** Your assignment **
In the material below, find the line containing "Эта повседневная рубашка" and the line containing "¼à²âÖÐÐÄÓÉÊý¾Ý". Output those two lines and all lines between them exactly, without pictures.

** Entries supplied **
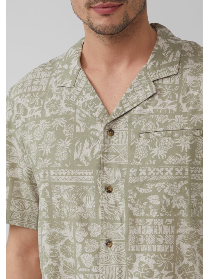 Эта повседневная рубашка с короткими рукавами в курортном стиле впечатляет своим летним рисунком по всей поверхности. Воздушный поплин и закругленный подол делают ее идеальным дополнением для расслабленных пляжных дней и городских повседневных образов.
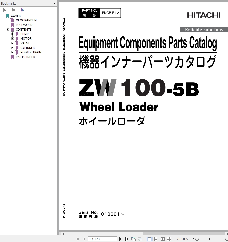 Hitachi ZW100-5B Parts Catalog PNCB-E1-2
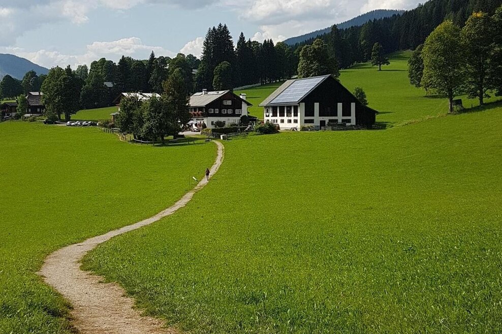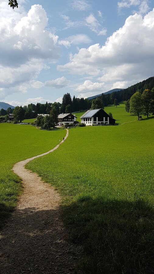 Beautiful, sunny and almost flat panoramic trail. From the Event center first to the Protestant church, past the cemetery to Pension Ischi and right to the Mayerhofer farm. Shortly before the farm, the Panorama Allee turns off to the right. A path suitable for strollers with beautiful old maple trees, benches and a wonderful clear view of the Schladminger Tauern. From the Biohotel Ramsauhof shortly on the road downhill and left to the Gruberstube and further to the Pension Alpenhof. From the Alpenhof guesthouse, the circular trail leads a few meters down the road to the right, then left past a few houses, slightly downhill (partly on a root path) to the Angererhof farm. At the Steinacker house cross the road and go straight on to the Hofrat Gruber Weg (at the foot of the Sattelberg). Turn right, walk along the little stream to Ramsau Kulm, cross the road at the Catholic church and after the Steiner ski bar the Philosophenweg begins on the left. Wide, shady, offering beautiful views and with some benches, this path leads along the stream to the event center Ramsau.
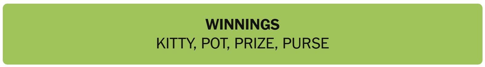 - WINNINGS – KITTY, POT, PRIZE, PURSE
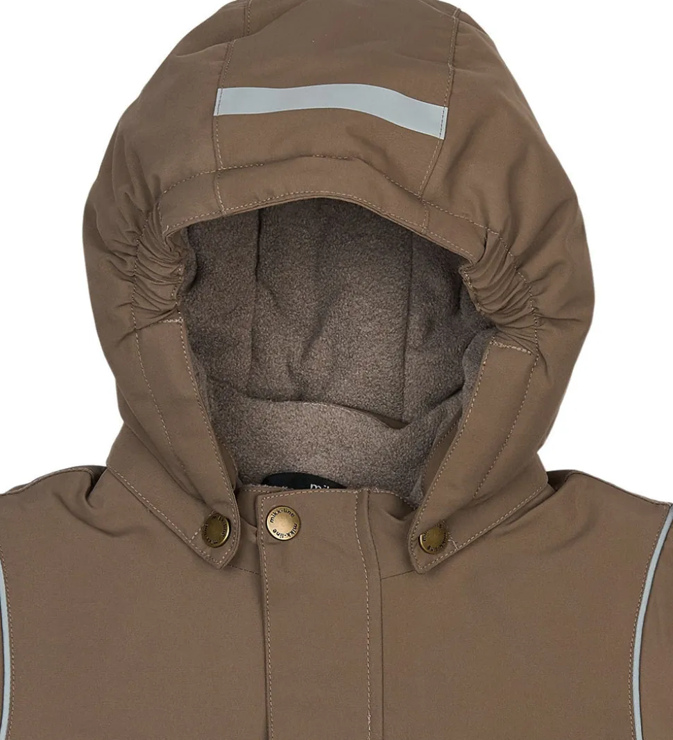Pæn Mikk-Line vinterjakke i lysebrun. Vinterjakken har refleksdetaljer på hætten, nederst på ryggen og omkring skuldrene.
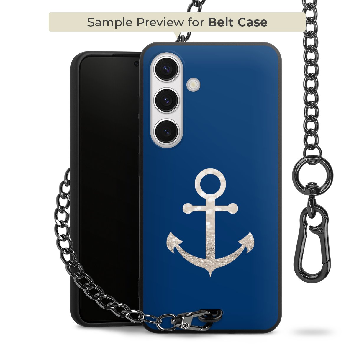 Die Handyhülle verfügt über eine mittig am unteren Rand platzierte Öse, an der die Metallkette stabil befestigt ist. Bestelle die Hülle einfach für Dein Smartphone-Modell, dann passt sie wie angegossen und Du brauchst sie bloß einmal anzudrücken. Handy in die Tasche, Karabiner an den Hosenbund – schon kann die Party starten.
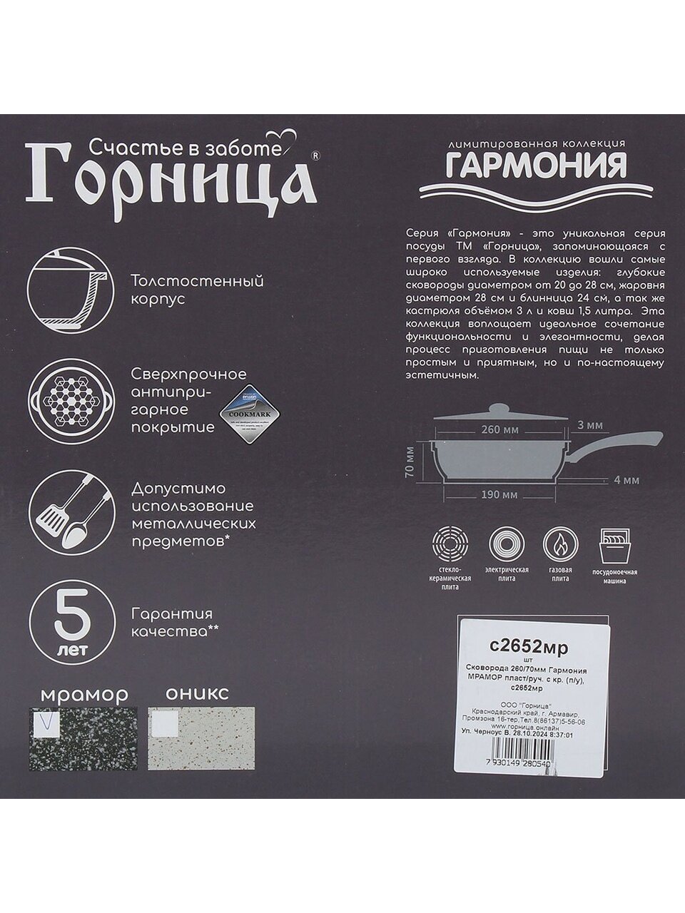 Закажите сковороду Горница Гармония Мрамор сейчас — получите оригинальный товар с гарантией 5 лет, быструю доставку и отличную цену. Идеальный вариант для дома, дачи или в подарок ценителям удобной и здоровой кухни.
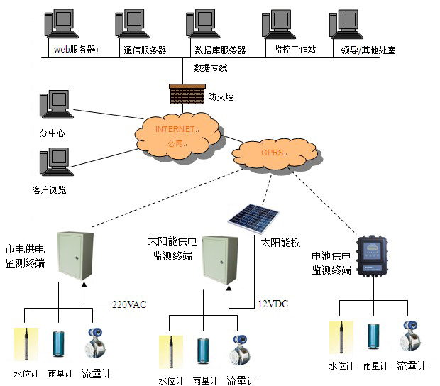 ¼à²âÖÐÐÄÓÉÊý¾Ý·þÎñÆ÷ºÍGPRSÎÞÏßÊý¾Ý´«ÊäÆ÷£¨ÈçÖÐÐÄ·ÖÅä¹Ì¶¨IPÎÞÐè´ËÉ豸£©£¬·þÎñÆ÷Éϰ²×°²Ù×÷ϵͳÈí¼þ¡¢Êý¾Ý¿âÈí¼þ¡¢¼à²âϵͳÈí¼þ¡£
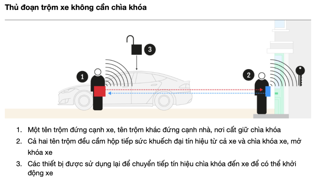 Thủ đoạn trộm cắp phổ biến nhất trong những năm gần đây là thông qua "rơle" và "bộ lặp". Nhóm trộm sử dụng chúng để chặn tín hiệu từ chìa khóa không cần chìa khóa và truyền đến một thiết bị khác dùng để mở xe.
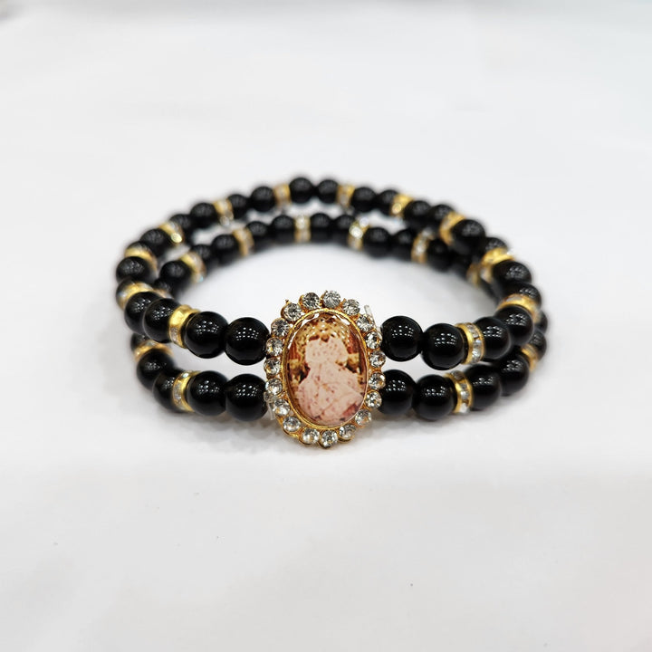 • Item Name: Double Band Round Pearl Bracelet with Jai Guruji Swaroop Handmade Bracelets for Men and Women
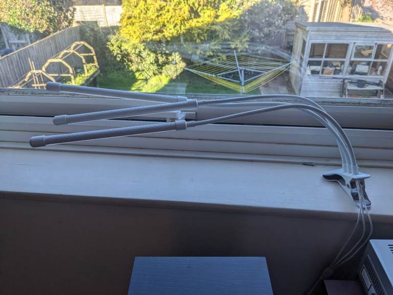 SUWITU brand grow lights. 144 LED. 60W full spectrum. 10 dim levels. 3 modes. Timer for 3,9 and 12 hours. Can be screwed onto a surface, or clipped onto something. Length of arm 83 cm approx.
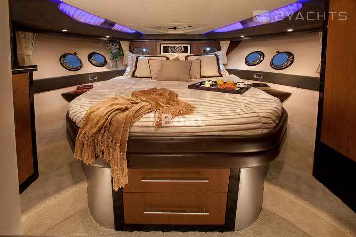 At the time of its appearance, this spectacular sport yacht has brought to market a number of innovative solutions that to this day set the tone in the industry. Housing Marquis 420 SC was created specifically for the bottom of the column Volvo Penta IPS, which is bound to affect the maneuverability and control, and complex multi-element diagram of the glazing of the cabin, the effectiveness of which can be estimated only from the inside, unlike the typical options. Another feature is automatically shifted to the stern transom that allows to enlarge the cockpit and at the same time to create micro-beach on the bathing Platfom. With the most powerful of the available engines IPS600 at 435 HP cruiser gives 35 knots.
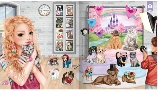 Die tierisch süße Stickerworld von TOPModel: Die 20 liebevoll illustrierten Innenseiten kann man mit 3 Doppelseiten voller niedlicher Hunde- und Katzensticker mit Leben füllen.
==
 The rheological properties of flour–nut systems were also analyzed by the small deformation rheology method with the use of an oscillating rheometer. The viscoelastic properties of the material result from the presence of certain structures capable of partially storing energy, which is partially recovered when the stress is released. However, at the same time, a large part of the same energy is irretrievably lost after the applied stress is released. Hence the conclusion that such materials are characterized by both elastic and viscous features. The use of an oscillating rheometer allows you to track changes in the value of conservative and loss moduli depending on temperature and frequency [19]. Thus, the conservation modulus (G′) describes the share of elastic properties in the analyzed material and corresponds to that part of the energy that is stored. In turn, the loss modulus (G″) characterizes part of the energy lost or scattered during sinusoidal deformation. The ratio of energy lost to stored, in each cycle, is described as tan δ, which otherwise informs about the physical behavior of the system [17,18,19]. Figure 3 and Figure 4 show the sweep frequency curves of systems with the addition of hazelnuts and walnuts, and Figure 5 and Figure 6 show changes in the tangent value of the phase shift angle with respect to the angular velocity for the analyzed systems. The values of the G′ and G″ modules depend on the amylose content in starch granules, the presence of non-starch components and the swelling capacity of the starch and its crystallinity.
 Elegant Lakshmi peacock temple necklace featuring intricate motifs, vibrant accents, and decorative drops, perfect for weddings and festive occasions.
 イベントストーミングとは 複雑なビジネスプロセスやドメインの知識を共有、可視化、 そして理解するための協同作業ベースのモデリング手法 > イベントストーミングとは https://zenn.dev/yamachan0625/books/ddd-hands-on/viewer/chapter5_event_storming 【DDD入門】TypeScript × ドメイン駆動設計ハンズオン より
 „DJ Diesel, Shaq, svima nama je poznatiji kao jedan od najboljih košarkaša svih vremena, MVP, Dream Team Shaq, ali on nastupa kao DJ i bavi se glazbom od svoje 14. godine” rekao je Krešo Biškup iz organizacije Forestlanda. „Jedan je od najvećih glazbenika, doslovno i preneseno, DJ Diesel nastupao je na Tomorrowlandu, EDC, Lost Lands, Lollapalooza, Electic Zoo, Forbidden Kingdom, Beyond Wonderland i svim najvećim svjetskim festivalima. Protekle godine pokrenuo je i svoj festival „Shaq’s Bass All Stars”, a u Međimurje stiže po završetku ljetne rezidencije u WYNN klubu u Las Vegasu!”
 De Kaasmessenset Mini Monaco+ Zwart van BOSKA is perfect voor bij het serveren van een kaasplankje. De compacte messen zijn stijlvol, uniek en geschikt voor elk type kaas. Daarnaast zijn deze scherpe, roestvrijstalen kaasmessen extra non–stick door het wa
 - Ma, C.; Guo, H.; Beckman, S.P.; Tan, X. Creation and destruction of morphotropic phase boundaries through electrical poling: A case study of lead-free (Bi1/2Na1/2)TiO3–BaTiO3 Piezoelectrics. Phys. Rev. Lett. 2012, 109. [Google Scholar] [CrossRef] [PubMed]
---
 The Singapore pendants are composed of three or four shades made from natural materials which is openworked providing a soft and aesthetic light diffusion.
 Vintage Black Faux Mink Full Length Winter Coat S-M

** Finished exercise **
 Эта повседневная рубашка с короткими рукавами в курортном стиле впечатляет своим летним рисунком по всей поверхности. Воздушный поплин и закругленный подол делают ее идеальным дополнением для расслабленных пляжных дней и городских повседневных образов.
 Hitachi ZW100-5B Parts Catalog PNCB-E1-2
 Beautiful, sunny and almost flat panoramic trail. From the Event center first to the Protestant church, past the cemetery to Pension Ischi and right to the Mayerhofer farm. Shortly before the farm, the Panorama Allee turns off to the right. A path suitable for strollers with beautiful old maple trees, benches and a wonderful clear view of the Schladminger Tauern. From the Biohotel Ramsauhof shortly on the road downhill and left to the Gruberstube and further to the Pension Alpenhof. From the Alpenhof guesthouse, the circular trail leads a few meters down the road to the right, then left past a few houses, slightly downhill (partly on a root path) to the Angererhof farm. At the Steinacker house cross the road and go straight on to the Hofrat Gruber Weg (at the foot of the Sattelberg). Turn right, walk along the little stream to Ramsau Kulm, cross the road at the Catholic church and after the Steiner ski bar the Philosophenweg begins on the left. Wide, shady, offering beautiful views and with some benches, this path leads along the stream to the event center Ramsau.
 - WINNINGS – KITTY, POT, PRIZE, PURSE
Pæn Mikk-Line vinterjakke i lysebrun. Vinterjakken har refleksdetaljer på hætten, nederst på ryggen og omkring skuldrene.
 Die Handyhülle verfügt über eine mittig am unteren Rand platzierte Öse, an der die Metallkette stabil befestigt ist. Bestelle die Hülle einfach für Dein Smartphone-Modell, dann passt sie wie angegossen und Du brauchst sie bloß einmal anzudrücken. Handy in die Tasche, Karabiner an den Hosenbund – schon kann die Party starten.
 Закажите сковороду Горница Гармония Мрамор сейчас — получите оригинальный товар с гарантией 5 лет, быструю доставку и отличную цену. Идеальный вариант для дома, дачи или в подарок ценителям удобной и здоровой кухни.
 ¼à²âÖÐÐÄÓÉÊý¾Ý·þÎñÆ÷ºÍGPRSÎÞÏßÊý¾Ý´«ÊäÆ÷£¨ÈçÖÐÐÄ·ÖÅä¹Ì¶¨IPÎÞÐè´ËÉ豸£©£¬·þÎñÆ÷Éϰ²×°²Ù×÷ϵͳÈí¼þ¡¢Êý¾Ý¿âÈí¼þ¡¢¼à²âϵͳÈí¼þ¡£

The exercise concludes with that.